The method for producing an aromatic polyamide according to claim 1, wherein the aromatic polyamide is obtained by polycondensation at a reaction temperature of 0 ° C. 5. A structural unit represented by the following formula (I) :
It consists only of a group that blocks the end of the structural unit,
Is terminated with a monovalent carboxylic acid, the carboxylic acid derivative or the like.
Or an aromatic polyamide sealed with a monovalent amine . Embedded image (Wherein X is a halogen group, Z is a condensed polycyclic aromatic group or the following formula: At least one group selected from the group consisting of Here, Y is a direct bond, and the following formula: R represents an alkyl group having 1 to 4 carbon atoms, an alkoxy group, or a halogen group, a phenyl group, a represents 0, 1 or 2, and b represents 0.
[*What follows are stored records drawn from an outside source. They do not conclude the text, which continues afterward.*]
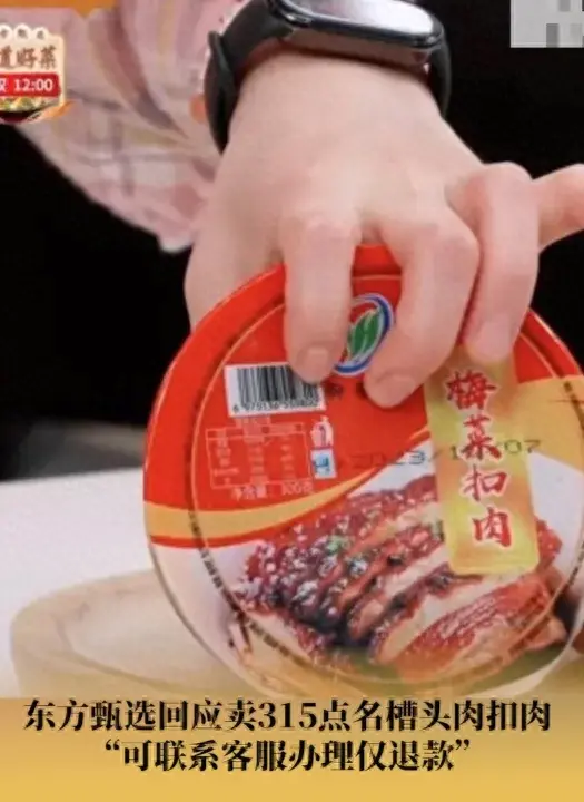 3月16日,315晚會曝光了“安徽東輝科技食品有限公司”生產的“御徽緣”梅菜扣肉,使用的都是槽頭肉,并且含有大量未經處理干凈的淋巴肉和甲狀腺,槽頭肉不屬于食品原料、禁止食用,這嚴重不符合《食品安全標準》。“東方甄選”和“瘋狂小楊哥”直播間都銷售過這款產品。
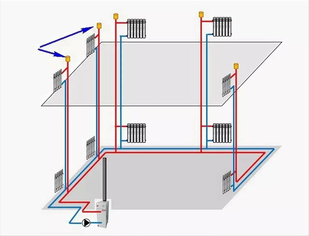 Для больших зданий наиболее эффективна коллекторная схема, тем более что она помогает эффективно встраивать водяные теплые полы. В небольших одноэтажных домах будет оправдано применение горизонтальной или вертикальной тройниковой схемы.
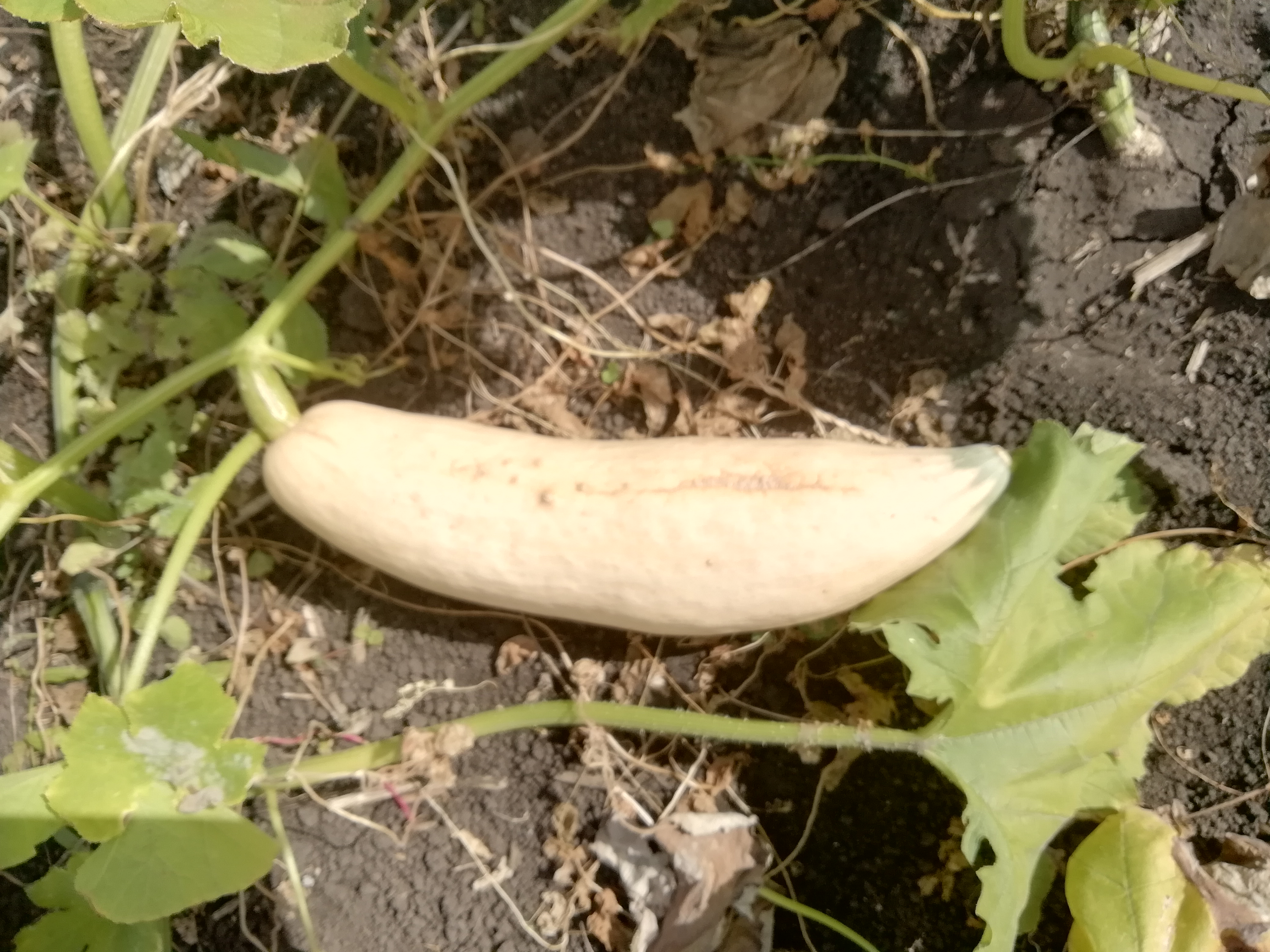 Наш любимый сорт, раньше в поле с картошкой такую сажали, сейчас уже редкость. Меньше своего возможного размера т. к. посажены были в худшее место, в том месте всё плохо растёт, в принципе и садил туда чтобы размерчик получился удобный для духовки, едим печёную и мясо тушим с овощами. Зрелость в самый раз для длительного хранения. Ещё дома таких 3шт, раньше увёз. Среди них выросли и кабачки, переопыление будь оно неладно.
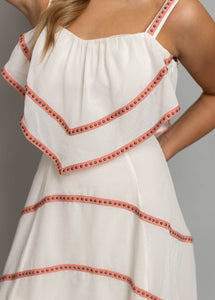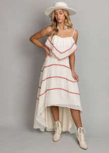 Embrace elegance and sophistication with the Brianda Dress, a striking piece designed to make a statement on any occasion. This stunning dress features intricate detailing that elevates its timeless silhouette. The sweetheart neckline and deep scoop backline add a flattering and feminine touch, while the flounce ruffle overlay and extreme high-low skirt create dramatic movement with every step. Add this elegant piece to your wardrobe and step into spring with timeless style.
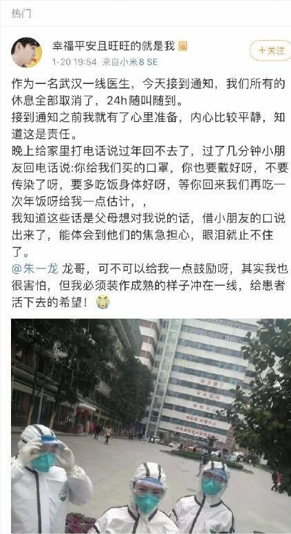 为了不让家人担心,还有年轻医生发信息“有需求叫我,我可以上,不过别告诉我妈妈,省得她担心。”
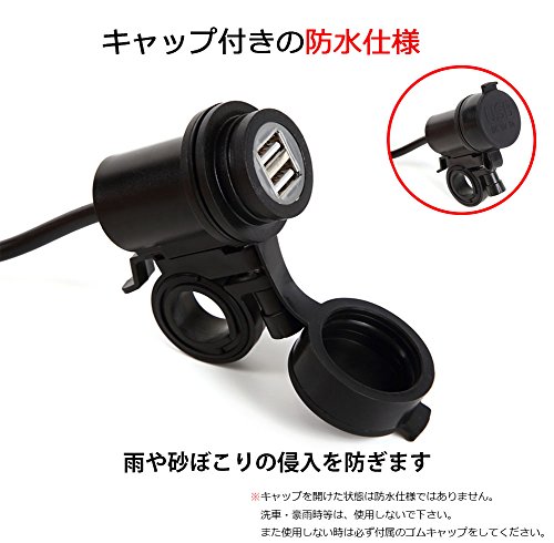 KiloNext バイク用 USB 充電器 USBポート 2個付き 急速充電 防水キャップ ブルーLED付き 5V 2.1A/1A

Or, represents an integer of 1 to 4. N represents an integer of 1 to 1000. The aromatic polyamide represented by). 6. The method for producing an aromatic polyamide according to claim 5, wherein the polycondensation reaction is carried out in the coexistence of a monovalent carboxylic acid or a carboxylic acid derivative, and the aromatic dicarboxylic acid or the aromatic dicarboxylic acid is used. The amount of the derivative is 0.7 to 1.0 mol per mol of the aromatic diamine, and the amount of the monovalent carboxylic acid or the carboxylic acid derivative is 0.001 to 1 mol per mol of the aromatic diamine. A method for producing an aromatic polyamide, wherein the reaction is carried out at a ratio of 0 mol. 7. The method for producing an aromatic polyamide according to claim 5, wherein the polycondensation reaction is carried out in the presence of a monovalent amine, and the amount of the aromatic diamine is aromatic dicarboxylic acid or aromatic dicarboxylic acid. 0.7-per mole of acid derivative
Aroma, characterized in that the reaction is carried out at a ratio of 0.001 to 1.0 mol with respect to 1 mol of the aromatic dicarboxylic acid or the aromatic dicarboxylic acid derivative. For producing aromatic polyamides. 8. An aromatic polyamide resin composition comprising 100 parts by weight of the aromatic polyamide according to claim 1 or 5 and 5 to 100 parts by weight of a fibrous reinforcing material. 9. The fibrous reinforcing material is glass fiber, carbon fiber,
9. The aromatic polyamide resin composition according to claim 8, which is selected from the group consisting of potassium titanate fibers and aromatic polyamide fibers. 10. The aromatic polyamide fiber is at least one selected from the group consisting of those having a repeating structural unit represented by the following formulas (1), (2) and (3). Item 10. An aromatic polyamide resin composition according to item 9. Embedded image Embedded image Embedded image 11. A molded article comprising the aromatic polyamide resin composition according to claim 8.